The ‘prove it’ culture: What women’s sports can teach us about the disability market
As the sports industry recognizes Disability Pride Month in July — marking the 36th anniversary of the signing of the Americans with Disabilities Act — it has an opportunity to move beyond awareness campaigns and ask a far more important question: Is the industry truly prepared to engage one of the largest and most overlooked markets in sports?
This question could not be more timely.
Consider women’s sports: Franchise valuations are surging. Expansion teams are emerging across North America. Media companies are racing to secure rights. Sponsors that once failed to see the value are now scrambling to invest.

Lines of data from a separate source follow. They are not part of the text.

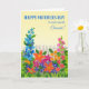 Um cartão de Dia de as mães muito bonito para o seu primo, com um leito de flor de cor brilhante, feito de uma colagem de papel pintada à mão. As flores são altas e pequenas, vermelhas, cor-de-rosa, laranja e tons de azul, com uma cerca branca de piquete atrás delas, contra um fundo amarelo ensolarado. A saudação à frente do cobrir em letras azuis profundas é "DIA DE AS MÃES FELIZ para um Primo muito especial!" A mensagem dentro é apenas uma sugestão e você pode alterá-la facilmente ou excluí-la se desejar.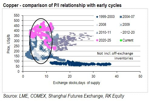 Over time there’s been a very strong – yet evolving – relationship between base metal prices and global exchange inventories. The chart below shows that relationship for LME copper vs global exchange inventories (stocks) on a days of supply (consumption) basis. For me as a commodities strategist it’s really important to look at inventories on a days of consumption basis rather than in absolute terms because there’s been a step-change in the magnitude of that consumption over the past 20 years.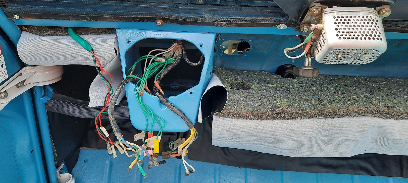 Passage du faisceau électrique, montage et réglage des portes avants, mise en place de l'insonorisant de la tablette, du levier de vitesses, passage du câble de compteur, de la buse de dégivrage et enfin pose provisoire du compteur de vitesse.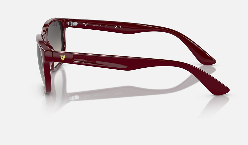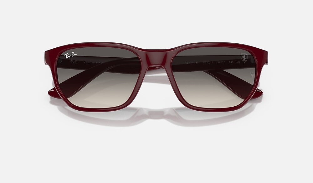 Ray-Ban RB4404M Scuderia Ferrari Collection Sunglasses are designed for an extraordinary driver. The frame is crafted from acetate and features dark red frame and temples and grey gradient lenses. These shades honor the legendary Italian racing team and its legendary leader, whose passion for racing inspired the design.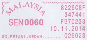 MALAYSIA SEN0060 8226C8F 3474411 PB70233 10.11.2014 SG.PETANI .KEDAH . . . . . . . 026023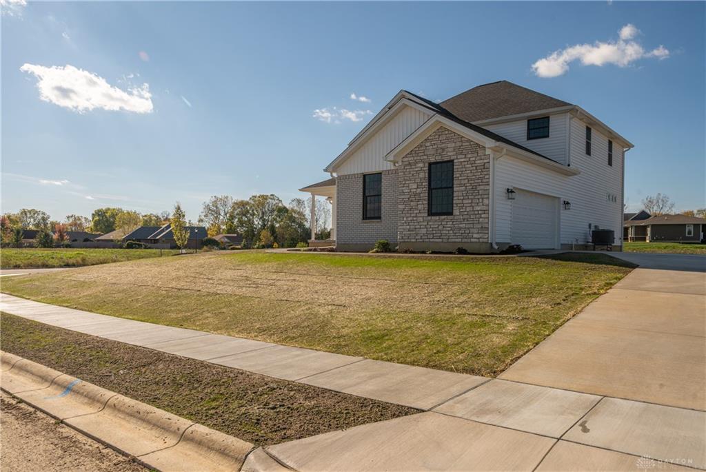Welcome to Kingsgate Commons! This stunning New Construction 4-bed, 2.5-bath home on an elevated corner cul-de-sac lot offers 2,700 sq ft of inspired living. Step into a dramatic two-story foyer filled with natural light. Gather in the spacious family room with soaring cathedral ceilings or cook in a dream kitchen boasting a $15K Thermador appliance package, huge quartz island and counters, and sunny dining area. Retreat to the serene primary suite with a spa-like bath—rain shower, soaking tub, and walk-in closet. Upstairs, enjoy a bright loft, generous bedrooms, and modern bath with double sinks. The roomy composite deck will be the site for barbecues with friends. The full basement is ready for your vision with a 3rd bath rough-in. Brick, stone, and siding exterior, oversized side-load garage, and a peaceful yet convenient location near shopping and dining complete the picture. Schedule your private tour today and discover the lifestyle you’ve been waiting for!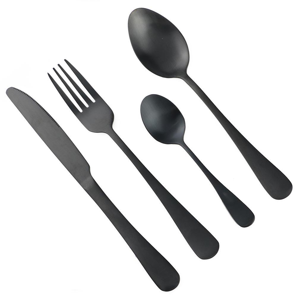 4 шт./лот, матовый черный набор столовых приборов, нож из нержавеющей стали, вилка, чайная ложка, набор столового серебра, многоразовая посуда для свадебных путешествий — купить товар онлайн с бесплатной доставкой по всему миру!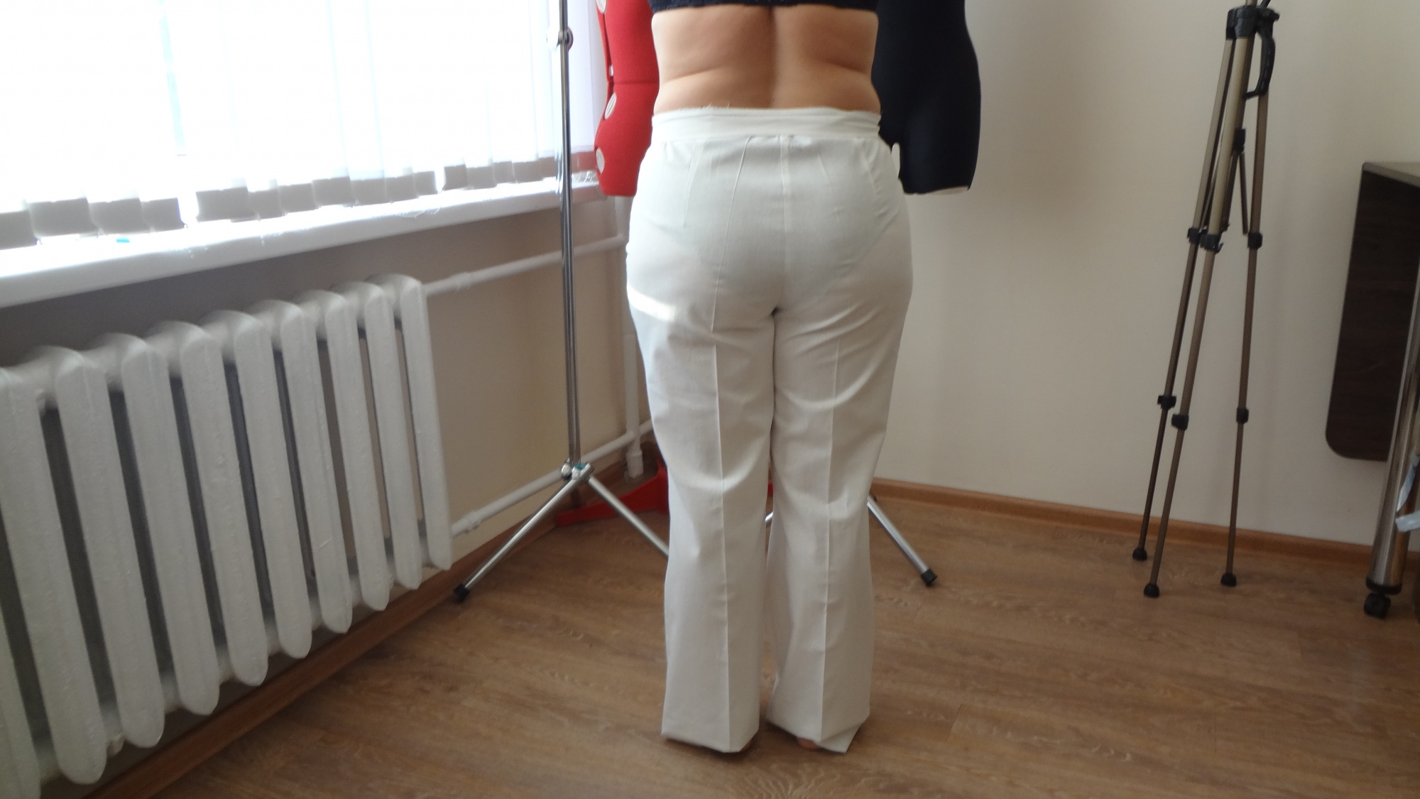 O'Lesya Опубликовано 13 декабря, 2018 Поделиться #1448 Опубликовано 13 декабря, 2018 (изменено) Вот что у нас получилось после внесения изменений. Это пробник из плотной бязи. Ткань заказчика плотная, стрейч. Те см, что я добавила в бёдра, они оказались лишними, их заколола. Сзади заломчики остались, но выглядит поприличнее чем первый. Спереди лучики тоже есть, но в действительности они не так остро смотрятся как на фото. Клиентка этим довольна, говорит, что так хорошо на ней ни одни брюки не сидели. Но мы же видим, что их надо ещё "дорабатывать". Хочется добиться идеального исполненияМожет сделать ещё на 1-2 см пошире задний клин, а в боковом шве убрать Изменено 13 декабря, 2018 пользователем O'Lesya Ссылка на сообщение Поделиться на другие сайты Поделиться
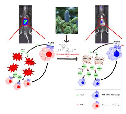 7月17日,《細(xì)胞》出版社和《柳葉刀》雜志聯(lián)合支持的EBioMedicine雜志在線發(fā)表了中國(guó)科學(xué)院上海生科院(人口健康領(lǐng)域)王慧研究組的研究論文“A Natural CCR2 Antagonist Relieves Tumor-associated Macrophage-mediated Immunosuppression to Produce a Therapeutic Effect for Liver Cancer”,該研究發(fā)現(xiàn)了一個(gè)提取自長(zhǎng)苞冷杉的天然CCR2拮抗劑(編號(hào)747),可通過(guò)解除腫瘤相關(guān)巨噬細(xì)胞引起的免疫抑制微環(huán)境來(lái)抑制肝癌,同時(shí)增敏低劑量索拉菲尼的治療效果。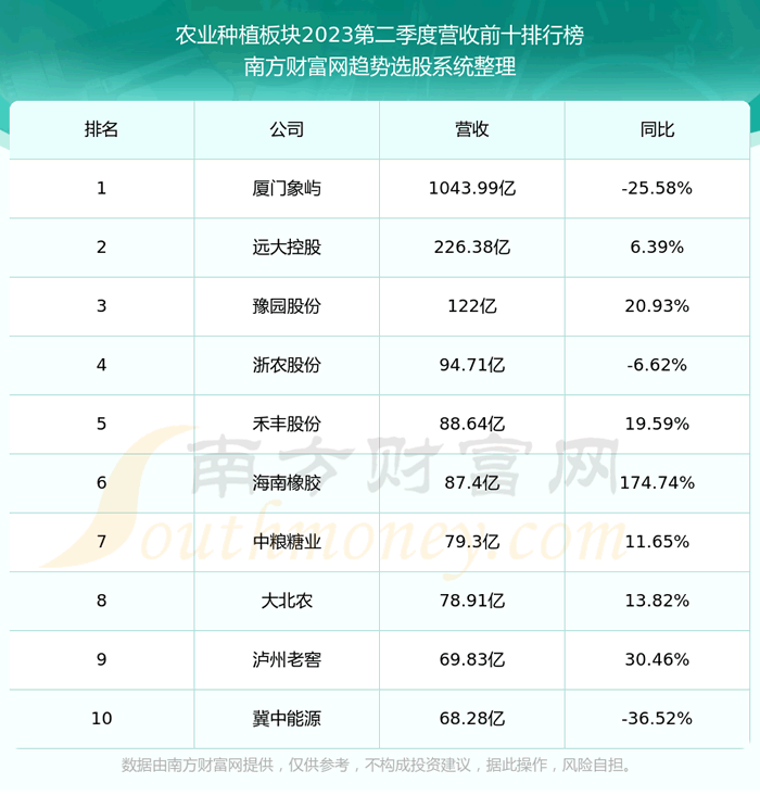 按照趋势选股系统统计,该股所属板块为农业种植板块,该板块共有86只股票,亚盛集团2023第二季度营收在该板块中排名为第42名,该板块2023第二季度营收排名前十的股票如下表:

And yet, while sports executives finally recognize this undervalued market, many are actively missing another one hiding in plain sight: Disability.

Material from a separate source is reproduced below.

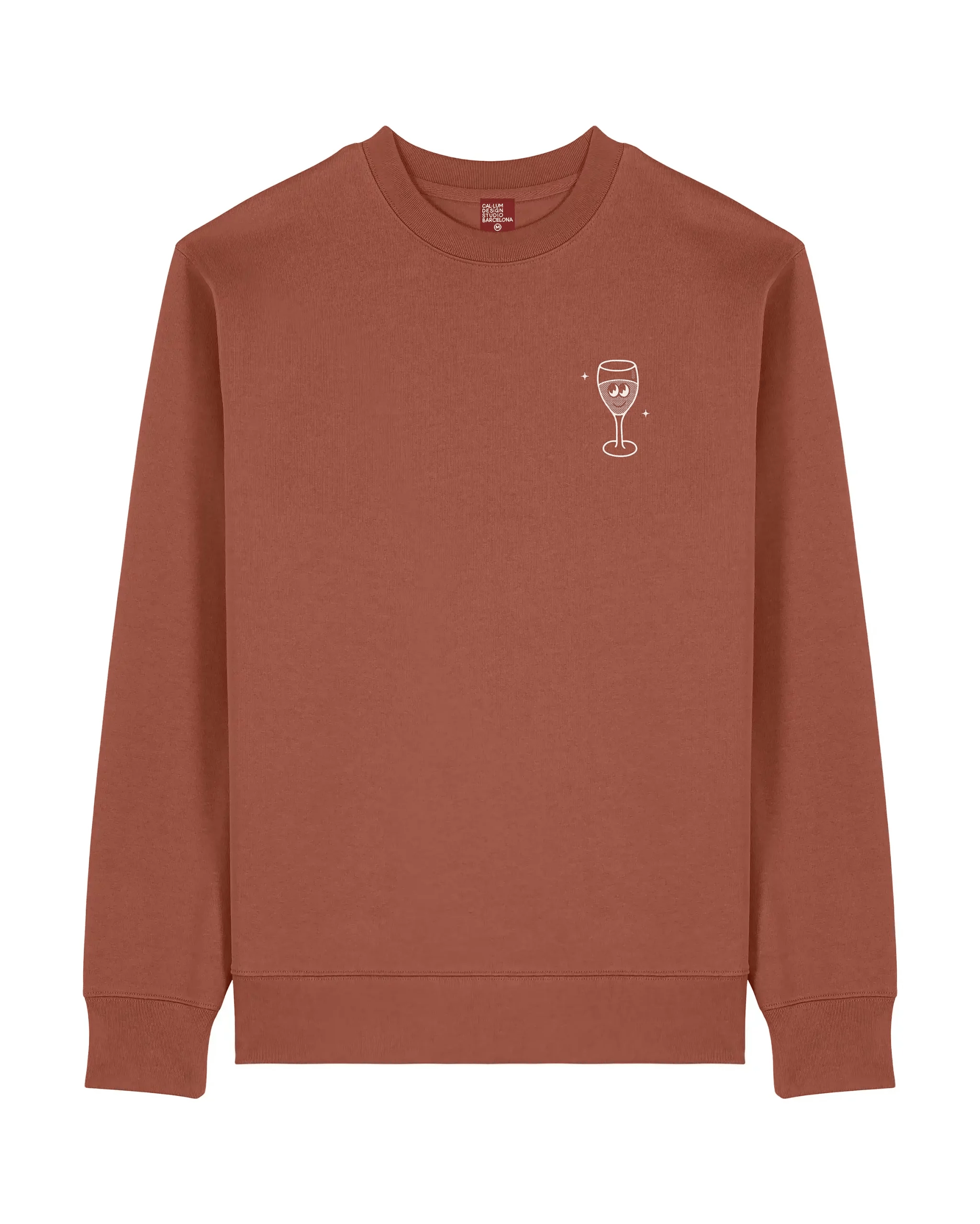 Toast to aging well with this terracotta unisex sweatshirt, featuring a playful animated wine character and the witty phrase «Like A Fine Wine, Better With Time.» Crafted from cosy 350gsm organic cotton in a medium fit, it’s perfect for everyday wear and expertly silkscreened with eco-friendly inks in our Barcelona studio.

The same industry that once questioned whether women’s sports could drive ratings, sponsorship revenue, merchandise sales and cultural relevance is again overlooking a similar underrepresented market.
Adapted and Para sport events generated approximately $164 million in economic impact nationwide in 2024 alone. Per Sports Innovation Lab, part of Genius Sports, disabled consumers are making more sport-related purchases than the general population — and spending significantly more per transaction.
Those numbers should fundamentally alter how leagues, teams, brands, venues, and media companies think about growth. According to data from the American Institutes of Research (AIR):
Working-age Americans with disabilities represent approximately $490 billion in........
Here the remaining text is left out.